The zombie-detector is a short-lived program, which inspects a cluster and lists zombie resources. It sends metrics to a Pushgateway, and they can be scraped later. This allows us to check the status of zombie resources on a dashboard and make alerts.
- It detects resources that remain undeleted after a certain period with a
deletionTimestamp
. - Elapsed time from deletion request and metadata of resources are pushed into Pushgateway.

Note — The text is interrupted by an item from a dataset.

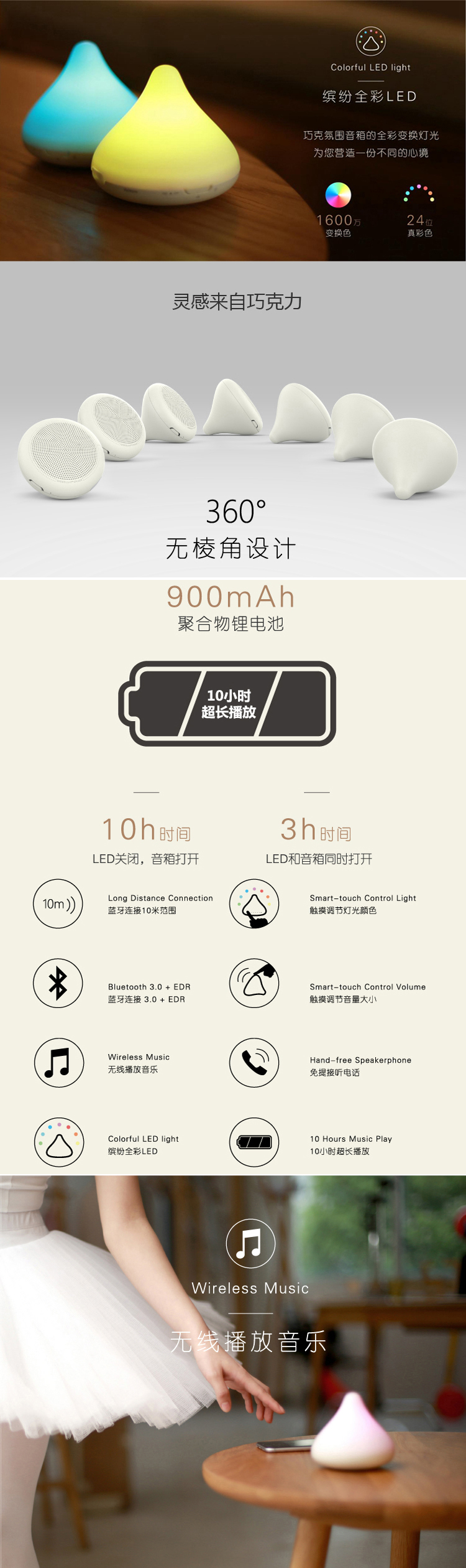 特别卖点: 时尚 极简设计 氛围变色灯 蓝牙免提音箱

- We can use this both inside and outside cluster.
CLI
go build
Docker Image
make docker-build
Usage:
zombie-detector [flags]
Flags:
-h, --help help for zombie-detector
--pushgateway string URL of Pushgateway's endpoint. If this flag is not given, the result outputs to stdout
--threshold duration threshold of detection (default 24h0m0s)
-v, --version version for zombie-detector
zombie-detector --incluster=false --pushgateway=<YOUR PUSHGATEWAY ADDRESS> --threshold=24h30m
We can run zombie-detector periodically as a CronJob in a Kubernetes cluster.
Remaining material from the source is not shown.